Executive Summary
As companies shift towards greater automation, it is crucial to examine the potential dangers of excessive automation, especially in regards to automating response actions. Without proper oversight, this can result in significant disruptions to daily operations. This article examines a scenario where an automated response action caused unintended disruptions to business operations.
Investigation
The Alarm
One evening, an alarm was triggered that indicated a software package attempting to execute on a server was auto-mitigated by SentinelOne. The software package was behaving in a way that was taken as attempting to evade detection, and so the auto-mitigation steps included killing and quarantining the process. On this server, a “Protect” policy was applied, meaning automated response actions were taken without any human evaluation.
The intrusion level of those automated response actions can be customized, but they all perform an automated action without a person looking at the situation first. The image below is an alarm for malware which ended up being process automation software, but nonetheless was auto-mitigated by SentinelOne as shown in the log excerpt below.
The Business Impact
The next morning, the customer expressed concern about the result of the automated response action. The software package was a critical part of their business infrastructure and should never have been stopped from executing. The customer questioned why the agent suddenly believed the software package was malicious. It was not possible to answer this definitively, as the decision-making behind identifying and rating a process as “Malicious” versus “Suspicious” or benign is a proprietary logic.
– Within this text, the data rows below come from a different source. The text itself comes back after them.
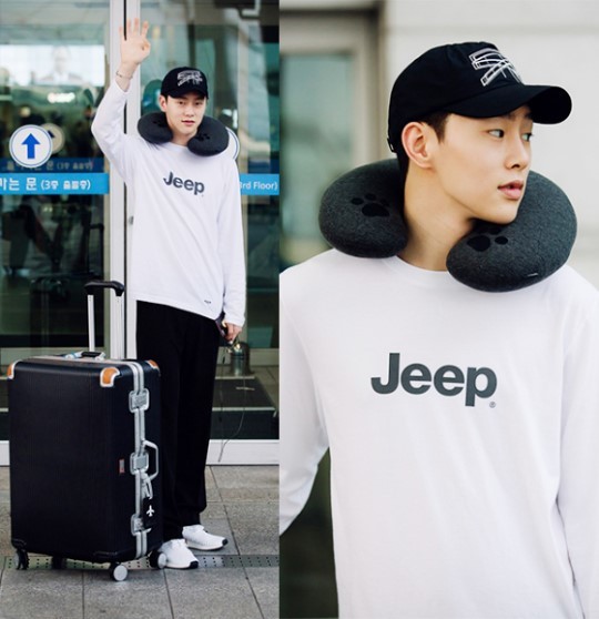 이날 권현빈은 깔끔한 화이트 스웨트 셔츠에 넉넉한 핏의 블랙 팬츠를 매치해 편안한 공항 패션을 완성했다.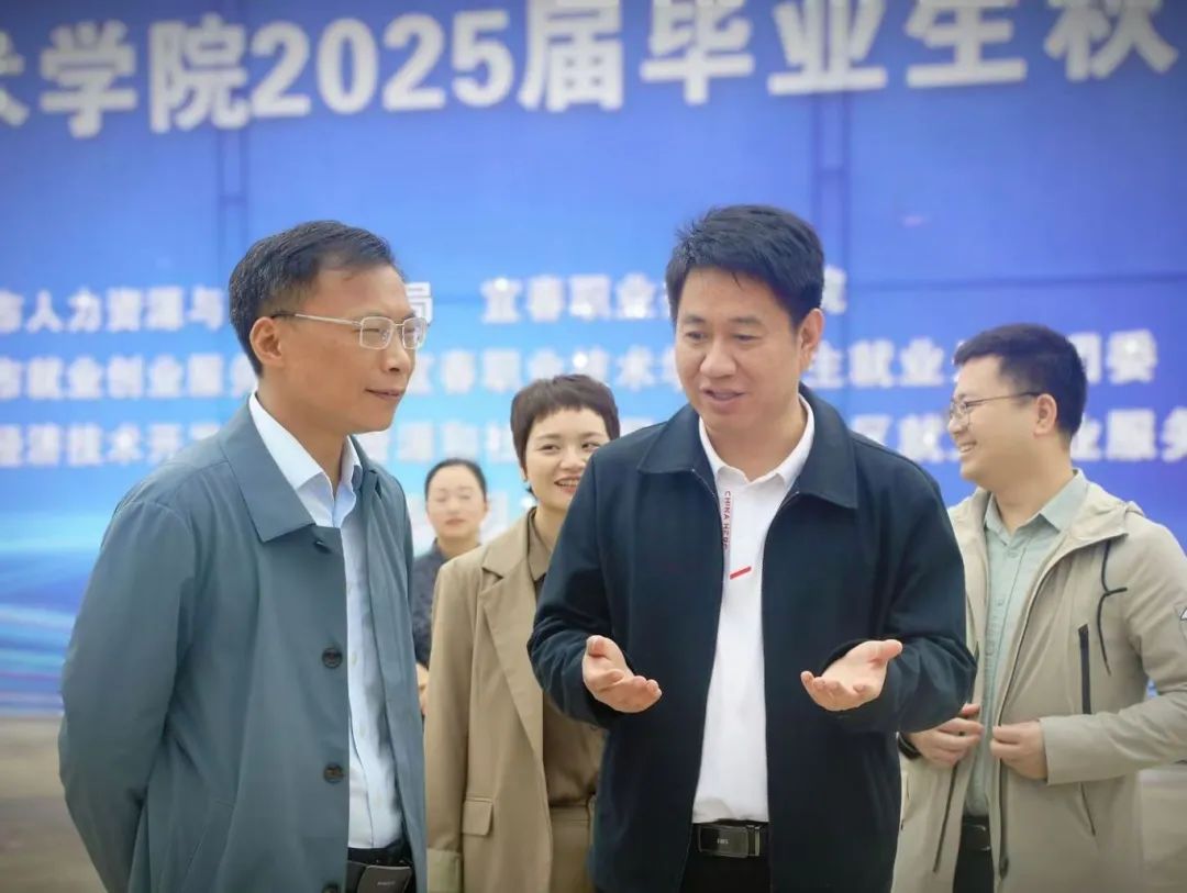 本站讯(招生就业处 叶高亮 大学生通讯社 黄静灵)为深入学习贯彻习近平总书记在二十届中共中央政治局第十四次集体学习时的重要讲话精神,认真落实党中央、国务院关于高质量充分就业决策部署,11月16日,由宜春市人力资源与社会保障局、开云官网主办,宜春市就业创业服务中心、开云官网招生就业处、团委承办的kaiyun开云官方网站2025届毕业生秋季招聘会在开云官网开物广场顺利举行。党委副书记、校长李铁刚,副校长张彩凤,党委委员、组织部部长韩海荣及宜春市就业创业服务中心主任李俊春等来到招聘会现场并指导工作。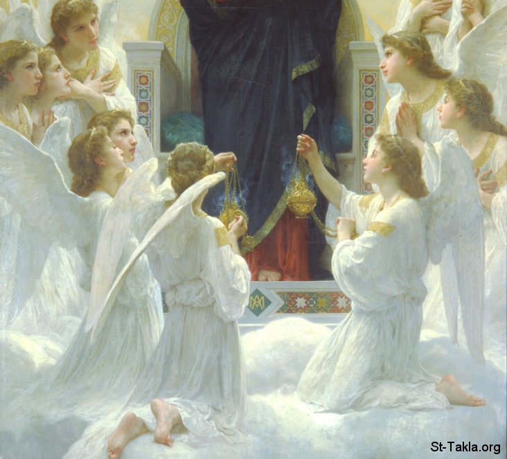 جزء من لوحة العذراء والملائكة (ملكة الملائكة)، رسم الفنان وليام أدولف بوجارو، 1900 م.، زيت على قماش بمثاس 285×185 سم.، متحف بيتي باليه (القصر الصغير)، باريس، فرنسا.

What could be said is that any EDR solution worth its price will continually update indicator of compromise (IOC) signatures. Any worthwhile EDR solution will also include not only static detection but also behavior-based dynamic detection. Therefore, any software package run on a server is subject to updates for security, efficiency, or product feature upgrades.
Lessons Learned
Just as we learn that security is a balancing act between confidentiality, integrity and availability, there is a balance to be struck between the use of immediate automated response actions and the slower reasoning of human evaluation prior to response actions. Automation, machine learning, artificial intelligence, and the like have their place but the human component will always be necessary.
The SOC and customers must work together to define the critical assets and business processes that should never be touched by automated intrusion. They must also find the space in the environment where those swift and ruthless automated response actions are an advantage. It is a very human decision to conclude how much risk can be tolerated in each implementation.
Key Points
- Automation, machine learning, and artificial intelligence have their place, but the human component is essential.
- Critical assets and business processes should never be touched by automated intrusion.
- Automated response actions should be used only in situations where their swift and ruthless nature is an advantage.
- It is a human decision to decide how much risk is acceptable in each implementation.